Let’s Analyze: Dridex (Part 3)

Sorry for the longer than expected delay, occasionally the Dridex group will take the servers offline during the weekend and resume normal operations on Monday; however, it appears they decided to take an extended break as the network went offline at some point a week ago, preventing me from fetching the payload. If like me you got caught out by the bot binary updating when the network came back online: you can dump the new DLL then use Diapora to copy labels, comments, and structs to the new IDA database. Since the last article you should have been able to dump all the strings and have a look at where they are used, specifically you should have found a large complex function using the majority of the strings.

As you’ll notice from the above image, only one control path of the function is commented; this is because Dridex has multiple different message types (some of which are sent to the C2 and others sent to peers). Communication is at about 20 minute intervals, so in order for the script to comment all of the control paths you’d need to leave the binary running for a few hours, or figure out the function parameters and call it manually to invoke each control path (it’s up to you to decide which is the better option, personally I’d rather grab a cup of tea and go watch Netflix).

Although the function looks very complex, all it’s doing is calling the same few functions over and over to build an XML message based on some values. To dump the full message, simply plop a breakpoint at the end of the function and go to the address in EAX (EAX+0 is the pointer to the buffer and EAX+4 is the size), you can then dump it to file with the following WinDBG command: “.writemem C:pathtooutputfile.txt poi(eax) L poi(eax+4)”. Something to note is: with the writemem command the 3rd parameter is either the end address or the size (if prefixed with ‘L’).

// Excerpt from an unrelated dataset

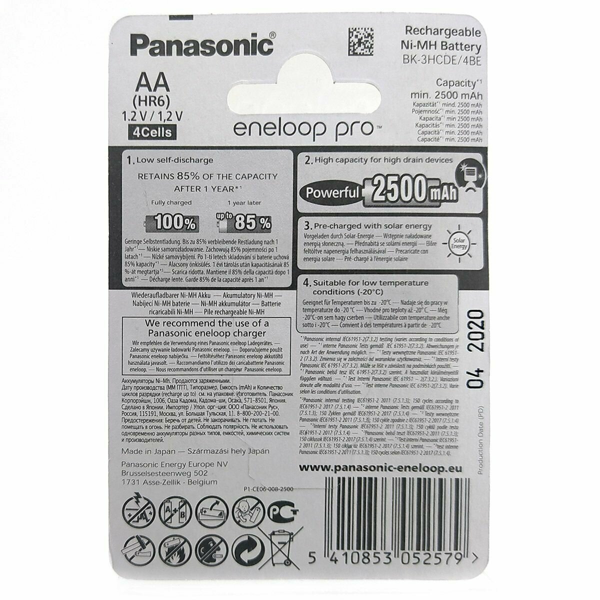 Аккумулятор Panasonic eneloop pro BK-3HCDE/4BE 2500mAh AA BL4, упаковка 4 шт.

As I said earlier, this function has many different control paths but here is an example of the output from the far left one.

<root>
<unique>PC-NAME-HERE_aaaaaaaaaaaaaaaaaaaaaaaaaaaaaaaa</unique>
<comp>bbbbbbbbbbbbbbbbbbbbbbbbbbbbbbbb</comp>
<botnet>220</botnet>
<version>196812</version>
<system>56384</system>
<type>bot</type>
<ip>1.1.1.1</ip>
<left key=”0″ req=”0″ />
<get_module name=”bot” bit=”32″ />
</root>

You can probably figure what most of the values are, but if you want to know the rest you’ll have to reverse the functions generating them (personally this is of little use to me, so I haven’t yet looked).

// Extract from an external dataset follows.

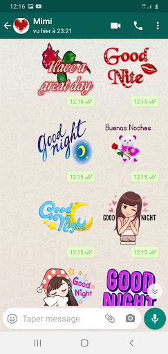 สติกเกอร์คืนที่ดีสำหรับ Whatsapp หวังว่าใครบางคนเป็นพิเศษราตรีสวัสดิ์และความฝันอันแสนหวานด้วยสติ๊กเกอร์ค่ำคืนที่น่ารักสำหรับคนที่น่ารักสำหรับคนไร้สาระ ส่งคนที่คุณรักหรือดูแลความปรารถนาดีคืนที่ดี พวกเขาเข้านอนจำความหวานของคุณ เรามีสติกเกอร์ "ราตรีสวัสดิ์และสติ๊กเกอร์สวัสดีทุกชนิดสำหรับคุณที่จะส่งคนที่คุณรักเพื่อนของคุณจะเพลิดเพลินกับข้อความของคุณ คุณจะไม่เบื่อกับการแชทข้อความแบบไร้เดิมพันเมื่อคุณมีอิโมติคอนมากมายให้เลือก stylize แมวที่ร้อนแรงของคุณด้วยคอลเลกชันที่ยอดเยี่ยมนี้

What you’ll want to do next is step until the function which builds the XML message returns to the function which called it, then you can start reversing to find out what is done to the message between creation and being sent to the C&C or peer. If you’re lazy like me, reversing that much code sounds like quite a bore, so you can use a little trick to skip straight to where the XML message next gets used: first give the parent function a name you’ll remember later (from now on we’ll refer to it as BuildXMLMessageParent), then put a R/W hardware breakpoint on the first byte of the XML message text, which will cause the debugger to break whenever the message is read or written.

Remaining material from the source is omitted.